Zing Forum

Reading

VAPO and SlideASR-Bench: An End-to-End Slide Speech Recognition Solution to Address Visual Interference in Multimodal Large Models

The ACL 2026 main conference paper VAPO proposes a visual anchoring strategy optimization method, which solves the visual interference problem of multimodal large language models in slide speech recognition through the "look first, listen later" reasoning chain, and open-sources the SlideASR-Bench benchmark dataset.

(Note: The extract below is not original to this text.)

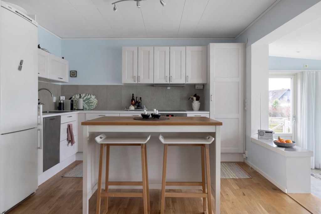 Stilrent kök i vinkel med öppen planlösning mot matplats och vardagsrum. Utrustning: spishäll, ugn, kyl/frys och diskmaskin.

语音识别多模态学习视觉干扰全模态大模型强化学习基准数据集
Published 2026-04-07 09:15Recent activity 2026-04-07 09:17Estimated read 1 min
VAPO and SlideASR-Bench: An End-to-End Slide Speech Recognition Solution to Address Visual Interference in Multimodal Large Models
1

Section 01

导读 / 主楼:VAPO and SlideASR-Bench: An End-to-End Slide Speech Recognition Solution to Address Visual Interference in Multimodal Large Models

Introduction / Main Floor: VAPO and SlideASR-Bench: An End-to-End Slide Speech Recognition Solution to Address Visual Interference in Multimodal Large Models

The ACL 2026 main conference paper VAPO proposes a visual anchoring strategy optimization method, which solves the visual interference problem of multimodal large language models in slide speech recognition through the "look first, listen later" reasoning chain, and open-sources the SlideASR-Bench benchmark dataset.